I don't have the exact algorithm, but a way could be to compare each revision against the last power of 2 lower, so if you're committing then 18thversion of a file, you delta against the 16th, which contains the delta against the 8th, and then against the 4th, and finally the 2nd and the 1st (which is a full copy).

File version 1
2 3 4 5 6 7 8 9 10 11 12 13 14 15 16
Delta computed against version - 1 2 2 4 4 4 4 8 8 8 8 8 8 8 8

The first drawback of this approach is that you have to sum all the differences occurred between the last power of 2 and the current revision, so the patch may become (very) big. One way to avoid that would be to insert full copies at selected points in the sequence so that the biggest patch does not store more than 64 or 128 changes.

The second drawback of this approach is that you have to know how many versions of a file are there in order to retrieve the diffs required to rebuild the n-th version of a file. This is a little harder to turn into a database query, but it could be solved by having a reference table that store the powers of two, and have a subquery select all power of two lower than the current file "version".

The BDB backend

The BDB backed stores backwards changes, so the last revision on trunk is always a full copy, whilst on a branch the revision is a full copy if the file has been modified on the branch, otherwise it's just a pointer to the trunk revision the branch originate from.

As with the FSFS backend, the BDB backed uses skip lists in order to rebuild faster old revisions, but since the reference copy is a moving target, also the delta need to be recomputed at each commit.

When you commit a new file, the 4th, 8th, 16th, ... level ancestors are re-deltified against the last revision. So, in the following example, if you request the 3rd version of a file you'll have to apply deltas contained in 3, 19, 23 (in reverse order) to the full copy in 24.

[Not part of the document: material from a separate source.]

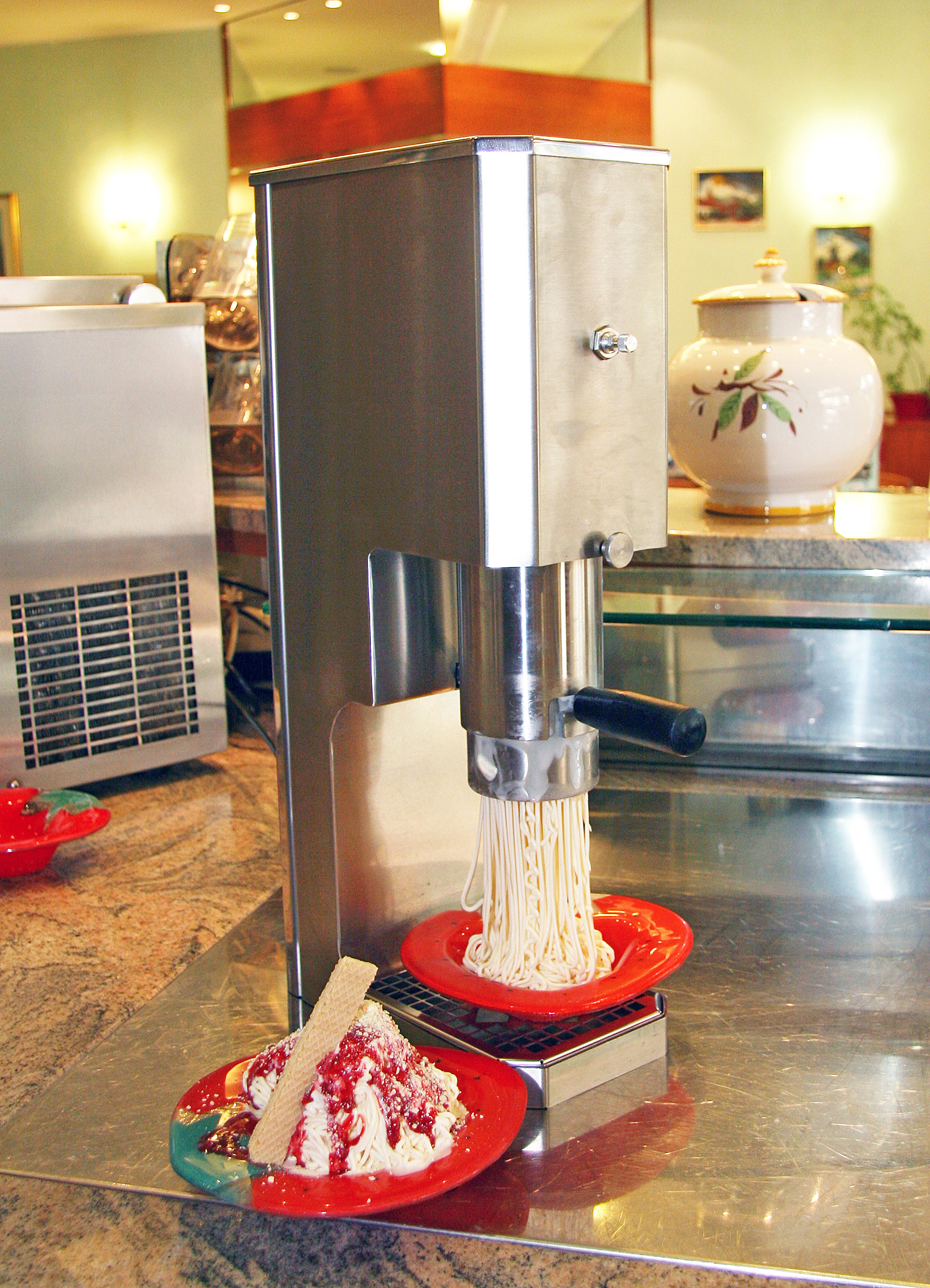 Our pneumatically operated spaghetti ice cream press is quick and easy to clean. Its compact design makes it extremely space-saving, making it ideal for any ice cream parlor. All components that come into contact with ice cream are easily disassembled and dishwasher-safe.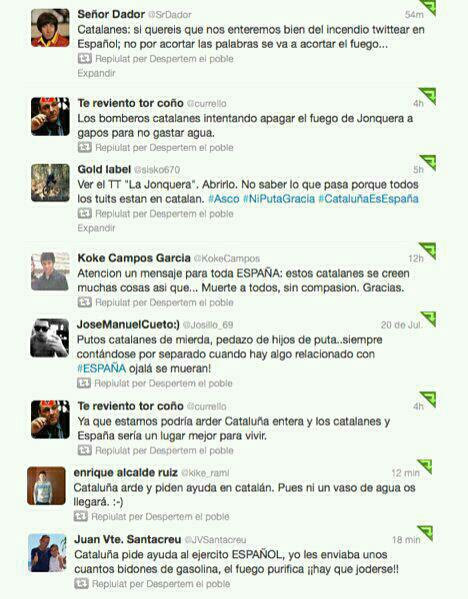 “Capítulo segundo. Derechos y libertades. Artículo 14:Los españoles son iguales ante la ley, sin que pueda prevalecer discriminación alguna por razón de nacimiento, raza, sexo, religión, opinión o cualquier otra condición o circunstancia personal o social.” Això és el què diu la constitució dels espanyols. I ho dic així perquè la llei és igual per a tots els espanyols, no per als catalans ni aquells que no sent-ho, viuen a Catalunya plenament integrats. D’OVNI’s potser n’haureu vist volar, però d’empresonament d’aquells que han cremat senyeres catalanes, no ho crec. El discurs del nostre reietó borbó amb motiu del cas Urdangarin: “La Justicia ha de ser igual para todos”. Qui són aquests todos, em pregunto ?? Vosaltres ho sabeu ??. Discurs del rei d’ara fa anys amb el qual es va ben lluir (com sempre): El idioma español ha sido lengua de integración y nunca de separación. També deia en el mateix discurs que “nunca fué impuesto”. Mireu companys, segur que ja ho sabeu, però doneu una ullada als digitals, Directe.cat, E-Noticies, Elsingular i molts d’altres i d’aquests comentaris n’estan farcits CADA DIA. Per tant no hem d’estranyar-nos de res en aquest concepte. D’aquesta brivalla que borda com els gossos, amb perdó d’aquests i ue esgarrapa com les gatoses, no ens en hem d’estranyar de res. D’allò que sí ens en hem de guardar, és d’aquelles accions que no s’escriuen però que sí estan en les actituts d’un 95% dels espanyols. I per últim, d’allò que també ens en hem de guardar, és de l’actitut del nostre govern de Catalunya, que conscient de tot això, no fa res, absolutament res per aturar-ho, tot i tenint ara i avui, la força moral i política per a dir prou.

File version 1 2 3 4 5 6 7 8 9 10 11 12 13 14 15 16 17 18 19 20 21 22 23 24
Delta against version 17 18 19 20 21 22 23 24 17 18 19 20 21 22 23 24 21 22 23 24 22 23 24 -

The positive side of this approach is that the last revision is usually quick to build, on the downside the insert process is complex as it requires recomputing deltas, and gathering a revision other than the last one of trunk goes through the same complex process as FSFS, because not all files on a branch may have been modified (and thus be full copies).